Land contamination is almost always associated with past industrial land uses which leave behind contaminants in soil or water that pose unacceptable levels of risk to human health or the environment.
Contamination can be a big problem for existing landowners (particularly those who bought prior to 2000); causing property devaluation and major upheaval whilst land is cleared. You could even be asked to pay for land treatment to ensure any contamination is treated to the required standard. For developers and buyers, discovery of contamination can lead to planning conditions being imposed requiring remediation of the land, which can delay development, raise costs and ultimately make building schemes financially unviable.

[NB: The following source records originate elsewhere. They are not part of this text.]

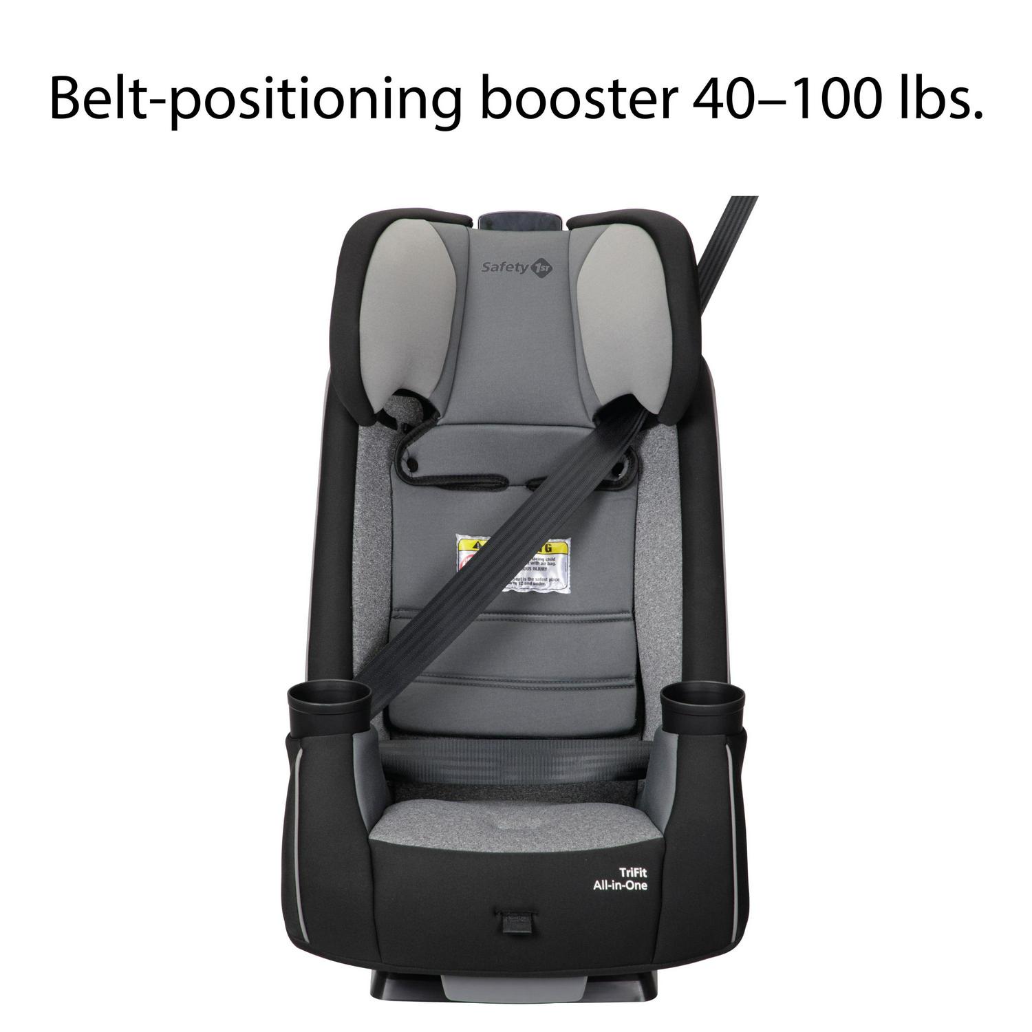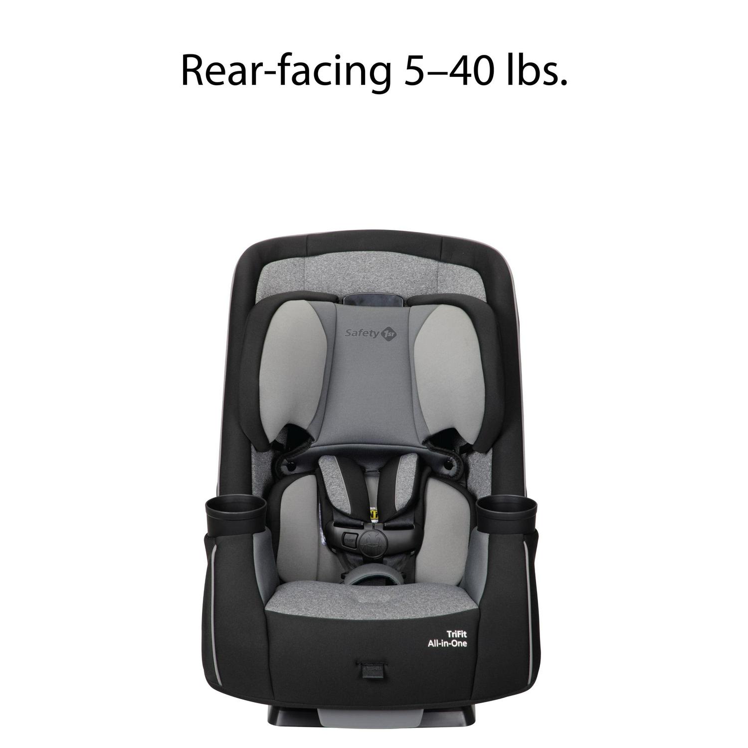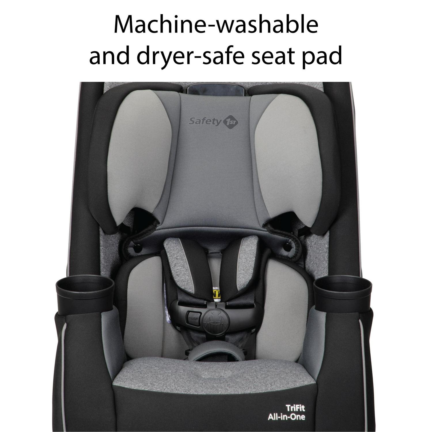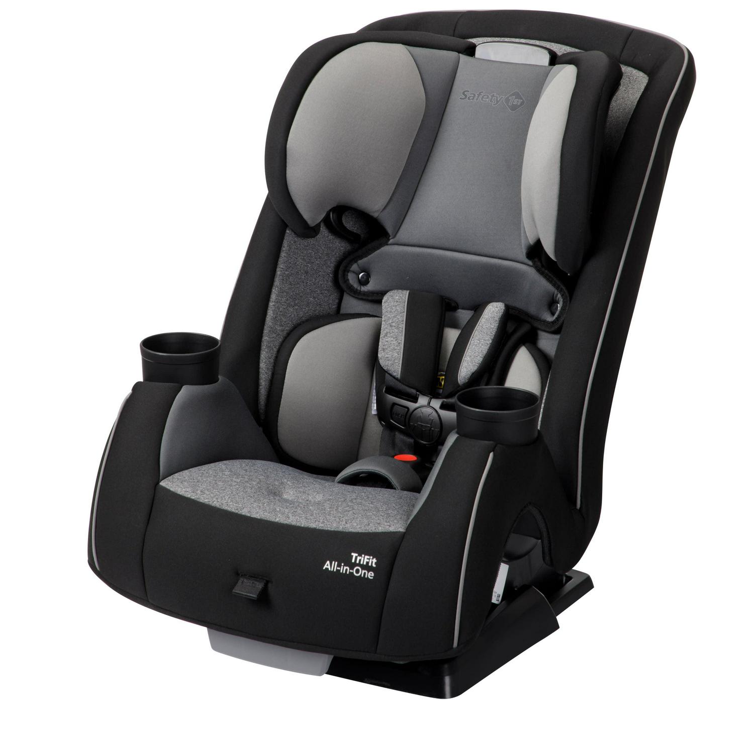 The Safety 1st TriFit All-in-One Convertible Car Seat is built to grow with your child while keeping them safe and comfortable on the road. With three modes of use rear-facing, front-facing, and belt-positioning booster the Safety 1st TriFit is ready to take your baby home from the hospital or take your big kid to soccer practice. The seat s ultra-slim design allows for fitting three across the back seat without sacrificing safety or comfort. With a 3-position adjustable base, a 1-hand-adjustable headrest and harness system, and machine-washable and dryable fabric, it s the only car seat your child will need from birth through age 10.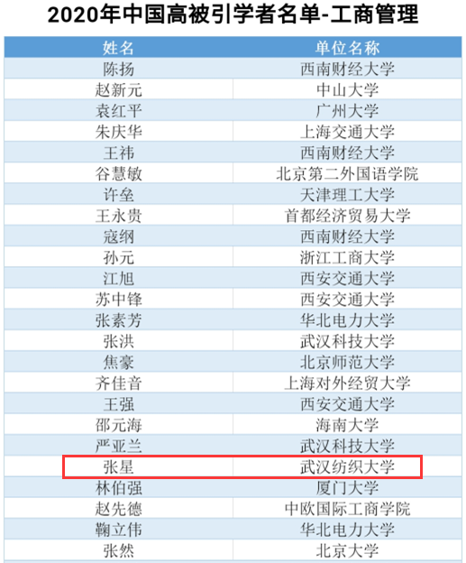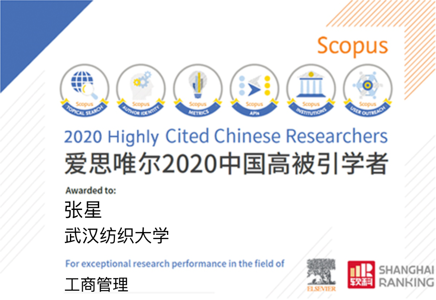 4月22日,全球性信息分析公司爱思唯尔(Elsevier)正式发布了2020年中国高被引学者(Highly Cited Chinese Researchers)榜单,我校bat365正版唯一官网张星教授作为工商管理学科学者成功入选。据了解,在2020年管理学科大类中,共2所湖北省属高校3位学者入选。
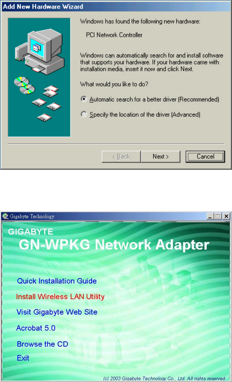 Insert the installation CD into the CD-ROM drive. The following window will pop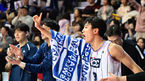 [OSEN=안양, 지형준 기자] 22일 오후 안양실내체육관에서 열린 2023-2024 정관장 프로농구 정규리그 안양 정관장과 부산 KCC의 경기에서 KCC과 104-75 승리를 거뒀다.4쿼터 KCC 최준용이 동료선수의 득점이 터지자 허웅의 머리를 만지며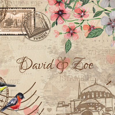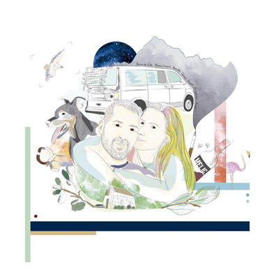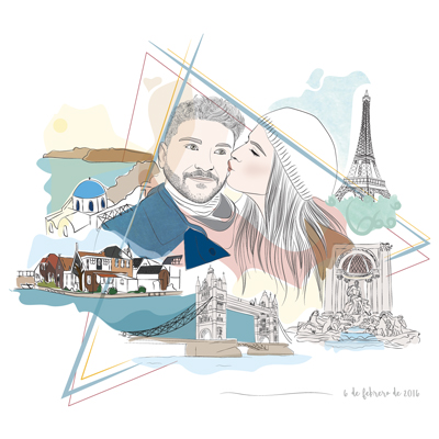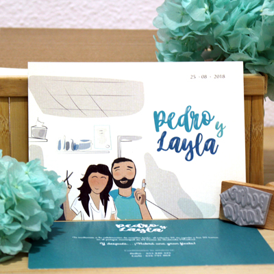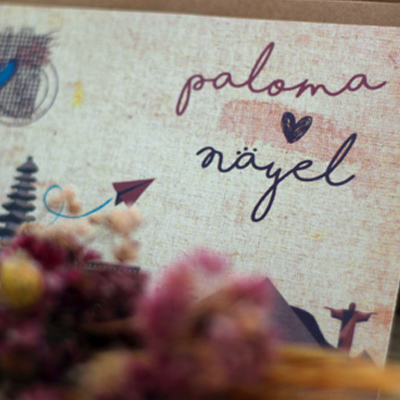 Paloma y Nayel querían un tarjetón de boda que plasmara su espíritu viajero a modo de postal. Buscaban un diseño romántico con el que ilustrar el inicio de su andadura como matrimonio, los viajes que han realizado juntos y los muchos que esperan hacer realidad.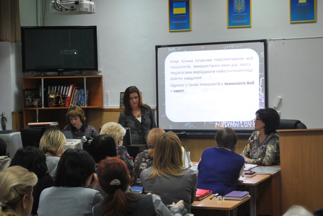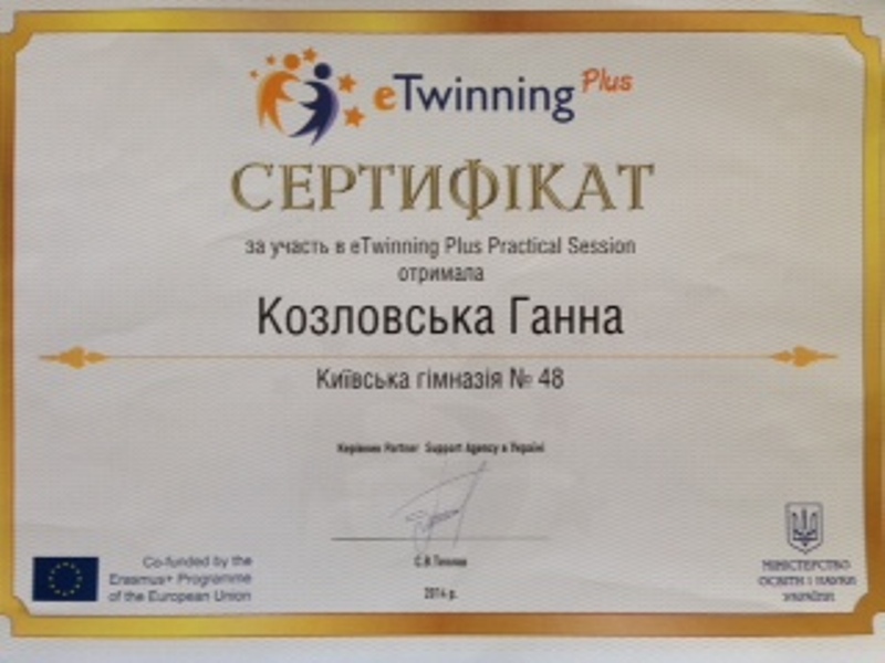 15 грудня 2014 року в гімназії № 48 був проведений семінар за темою: «Застосування WEB-технологій у навчальній діяльності». Теоретичним та практичним матеріалом щодо технології веб-квест поділилися заступник директора з навчально-виховної роботи Адамська О.О., вчитель математики та інформатики Власова І.О. Вчитель англійської мови Козловська Г.П. розповіла про системну роботу на базі платформи eTwinning, ознайомила з методикою роботи у Twinspace, ілюструючи усе прикладами проектів. Презентувала веб-квест «Великі міста Австралії та цікаві факти про країну» під час викладання спецкурсу «Країнознавство», де для отримання певного завдання учні мали прочитати QR коди за допомогою своїх гаджетів та виконати його, користуючись вказівками вчителя. Учні були заінтриговані новим методом пошуку інформації та використанням itools, про які вчитель-ітвіннер Козловська дізналась під час eTwinning Plus Practical Session 2014.

The statutory regime that governs contaminated land is in Part 2A of the Environmental Protection Act 1990 (introduced in 2000). It imposes a duty on local authorities to identify contaminated land and require the appropriate person to clean it up. As a result, each council holds a contaminated land register.
What action can you take if you own contaminated land?
Existing landowners who suspect their site is contaminated, should firstly contact their local authority to see if their land is already on the contamination register. They should also investigate any purchase information such as a NHBC (National House-Building Council) certificate which may contain a warranty against contamination. Lastly, they may wish to employ an environmental consultant to undertake a site investigation and instruct a solicitor to obtain advice on liability.
Buyers and developers should ensure they undertake Environmental searches during the conveyancing process. These searches contain historical maps showing past land use and will identify land that is registered as contaminated or could be at risk of contamination. A solicitor can advise on indemnity insurance and potential liability.
Who is financially responsible for contaminated land remedy?
So, who pays for the clean-up once contamination is identified? The simple answer is the polluter pays – this means the person who caused or knowingly permitted the pollution – defined as a “Class A” appropriate person. In practice these parties can be difficult to trace or may no longer exist. In these cases, the liability passes to “Class B” appropriate persons – these are the current owners and occupiers.
Exclusion from liability and apportionment of liability is available for some “Class A” and “Class B” appropriate persons. Exclusion of a “Class A” person can for example occur where a subsequent owner has introduced pathways or receptors or have omitted to maintain a system that is intended to reduce the risk from the contaminant.
If you are not eligible for exclusion from liability local authorities can still waive or apportion remediation costs if they are likely to exceed the land value. Costs can also be waived where an appropriate person can demonstrate that they took reasonable steps to establish the presence of contaminants and could not reasonably be expected to be aware of their presence, and the local authority considers it reasonable that the person should not bear the whole cost of remediation.
Whether you are buying land for development which may be contaminated or you are an existing homeowner with concerns about land under your property; it is important to receive specialist legal advice as early as possible.